In this article, we will investigate some questions which you should work through before you decide to go with this approach.
Will you make enough money to make it worthwhile?
Many projects (like tilling) are viewed as relatively simply jobs by most folks. They reason that they can buy a tiller for ~$500 or rent one for $50 or so to till their garden. They won’t be willing or able to pay a huge amount to have their garden tilled.
More broadly, the “rental equipment” market has a huge influence on the pricing. Most folks that we help are DIY type folks. They are evaluating our services against renting the equipment themselves.
Also, loading/unloading and transport take lots of time. Adding all of this together contributes to a relatively low hourly rate for your work.
Do You Have Sufficient Experience?
Using your tractor on personal projects around your property can be incredibly fun and rewarding. You can go at your own pace, learning as you go without severe time or financial commitments to finishing the project.
Working for hire is different. The client expects that you already know what you are doing. They expect that you will make the correct (optimal) decision for each situation you encounter.
They expect the project to be done right, and to be done efficiently.

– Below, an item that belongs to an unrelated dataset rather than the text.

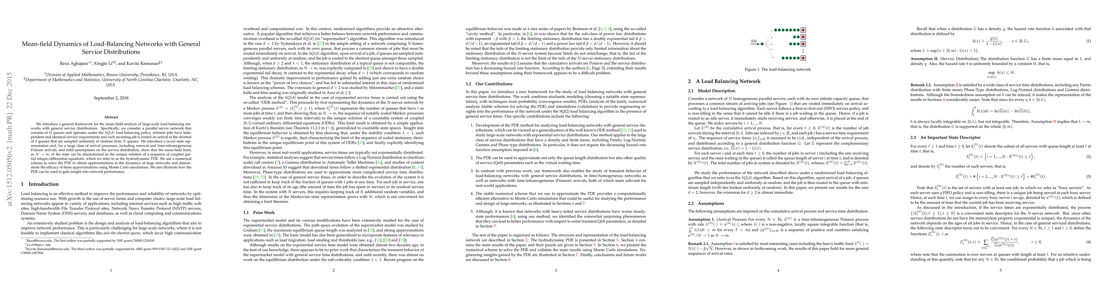 This paper develops a mean-field framework for analyzing large-scale load-balancing networks with general service distributions, showing that the system's dynamics can be described by a set of coupled partial integro-differential equations, and demonstrates the utility of these equations through numerical and simulation methods.
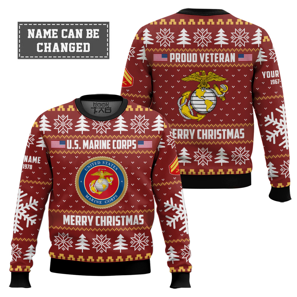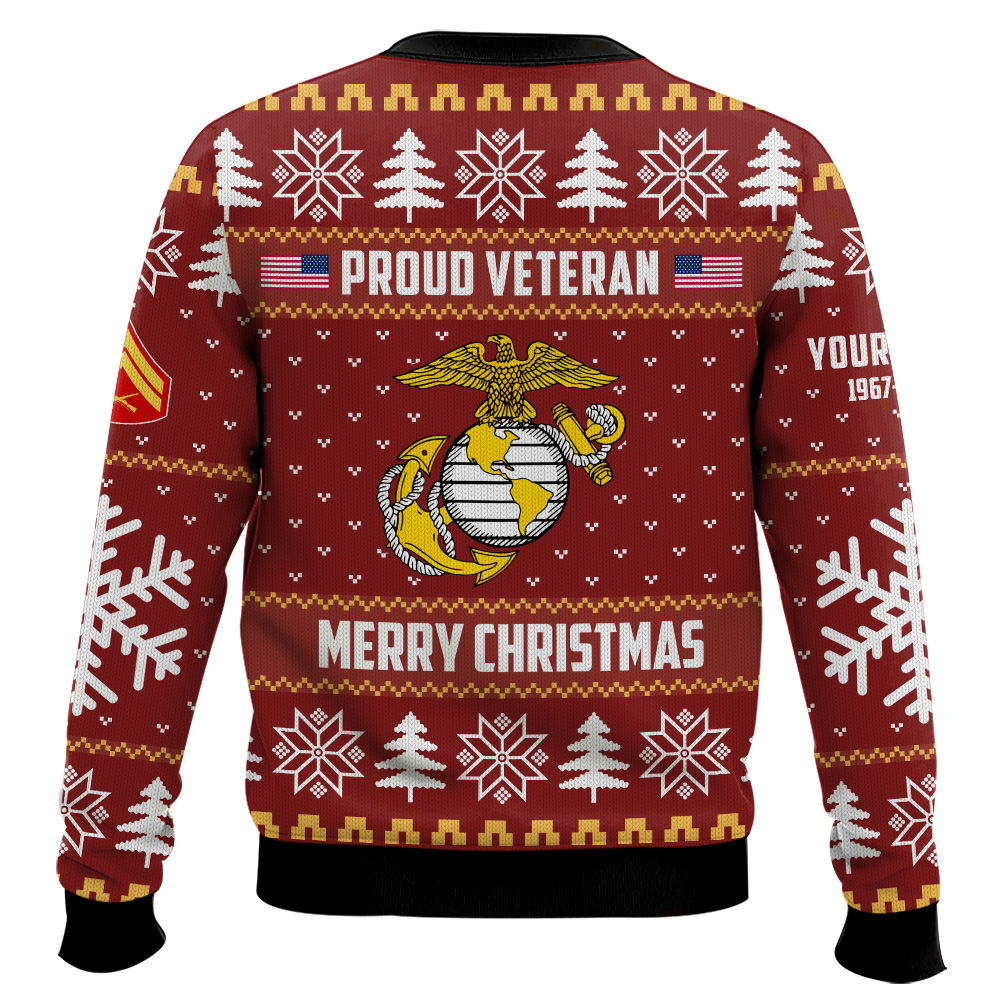 US Marine Corps Proud Veteran – Custom Name, Rank And Years Of Service Ugly Sweater

Christy and I both grew up on farms, doing the type of work we do now on a daily basis during all of those growing up years. I can’t say how long it would take to gain that same experience starting from scratch, nor can we readily share all of that experience with you via YouTube. Much of it must be learned by making mistakes, or trial and error. There just isn’t much room for error on a customer’s site.
It is important for you, and for the rest of the tractor community for you to have the appropriate experience before considering doing work for hire.
Do you have the right equipment for the job?
I’ve often commented that a sub-compact tractor is a wonderful compromise. It will do MANY different things well. That is a tremendous advantage for the property owner. You can buy one piece of equipment and handle many different types of projects. However, when doing work for hire, the sub-compact tractor might not be as fast, or as optimal for the job as some other piece of equipment. A good example of this is the backhoe. A Mini-excavator is a much better digger than a sub-compact backhoe. No worries for home projects, but when doing work for hire, are you really being fair to the client by making them pay high rates for less than optimal equipment?
More directly, do you have a trailer? Do you have a suitable tow vehicle? If you don’t need these for your own projects, this additional cost will make it even harder for you to make a profit on your work.
Are you prepared for the business aspects?
There are several more questions which I will ask, but not answer in this article. You will need to think about them for yourself.
- Are you appropriately insured?
- How will you handle a situation where a customer is unsatisfied?
- Do you really have the time to do the work, especially on the customer’s schedule?
- Will you be able to keep this going, or is this simply a way to justify the expense of a tractor to the finance committee?
Like lots of other scenarios, at first this seems like ‘easy money’. It seems like the perfect answer, providing a way for you to get your long desired new toy. However, the old saying “there is no such thing as a free lunch” definitely applies here.